This was non-trivial. First, a selection may require more than one rectangle. Next, there's no convenient way to do it.
Here's what I had to do:
var start:int = op.activePosition < op.anchorPosition ? op.activePosition : op.anchorPosition;
var end:int = op.activePosition > op.anchorPosition ? op.activePosition : op.anchorPosition;
var textFlow:TextFlow = this.textFlow;
var rectangles:Dictionary = new Dictionary();
// For each selected character, make a box
for( var i:int=start; i < end; i++) {
var flowLine:TextFlowLine = textFlow.flowComposer.findLineAtPosition( i, true );
if( rectangles[ flowLine.absoluteStart ] == null ) {
rectangles[ flowLine.absoluteStart ] = new Rectangle();
(rectangles[ flowLine.absoluteStart ] as Rectangle).x = 0xffffff;
(rectangles[ flowLine.absoluteStart ] as Rectangle).right = 0;
}
var currentRect:Rectangle = rectangles[ flowLine.absoluteStart ];
var textLine:TextLine = flowLine.getTextLine(true);
var atomIndex:int = textLine.getAtomIndexAtCharIndex( i );
if( atomIndex >= 0) {
var atomBounds:Rectangle = textLine.getAtomBounds( atomIndex );
var pt:Point = this.globalToLocal( textLine.localToGlobal( new Point( atomBounds.left, atomBounds.top ) ) );
if( pt.x <= currentRect.left ) {
currentRect.left = pt.x;
currentRect.top = pt.y;
}
pt = this.globalToLocal( textLine.localToGlobal( new Point( atomBounds.right, atomBounds.bottom) ) );
if( pt.x >= currentRect.right ) {
currentRect.right = pt.x;
currentRect.bottom = pt.y;
}
}
}
return rectangles;
I don't believe there's a trivial way to get total control over this, from looking around at the docs a bit I saw this:
http://opensource.adobe.com/wiki/display/flexsdk/Spark+Text+Primitives#SparkTextPrimitives-FTE
[Style(name="focusedTextSelectionColor", type="uint", format="Color", inherit="yes")]
[Style(name="inactiveTextSelectionColor", type="uint", format="Color", inherit="yes")]
[Style(name="unfocusedTextSelectionColor", type="uint", format="Color", inherit="yes")]
also to note:
anchor position - A character index specifying the end of the selection that stays fixed when you extend the selection with the arrow keys.
active position - A character index specifying the end of the selection that moves when you extend the selection with the arrow keys.
Since these are all only colors (or indices) I don't know if they'll get at all the fanciness you'd like to do.
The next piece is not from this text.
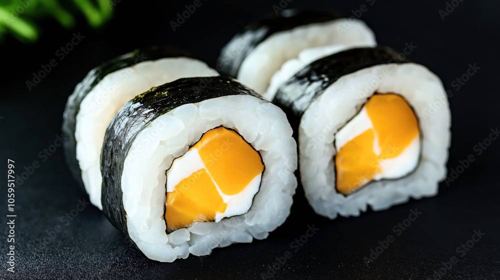 Fotografie Close-up of sushi rolls with rice, cream cheese, and mango wrapped in nori on a

I'd worked on something in Flex 3 to deal with custom text selection controls and ended up using an "off screen buffer" of sorts where I put a TextField offscreen with the same properties as the one on screen then dump the characters 1 by 1 until I got to the desired width then I could figure out where in the characters the control was dropped(kind of like android selection).
I would suggest searching for the above styles in the SDK you have (particularly in RichEditableText and its super classes, I would do this but there's quite a few versions out there now and don't know which one your using, TLF and FTE are both a bit in flux it seems). Once you find where these styles are used you'll probably be in the vicinity of the selection indicator drawing code and will likely need to extend from whatever class that is in order to override the appropriate methods.
Sorry I can't give you a straight answer but hopefully this helps or someone else is able to chime in if there's an easier way.
Shaun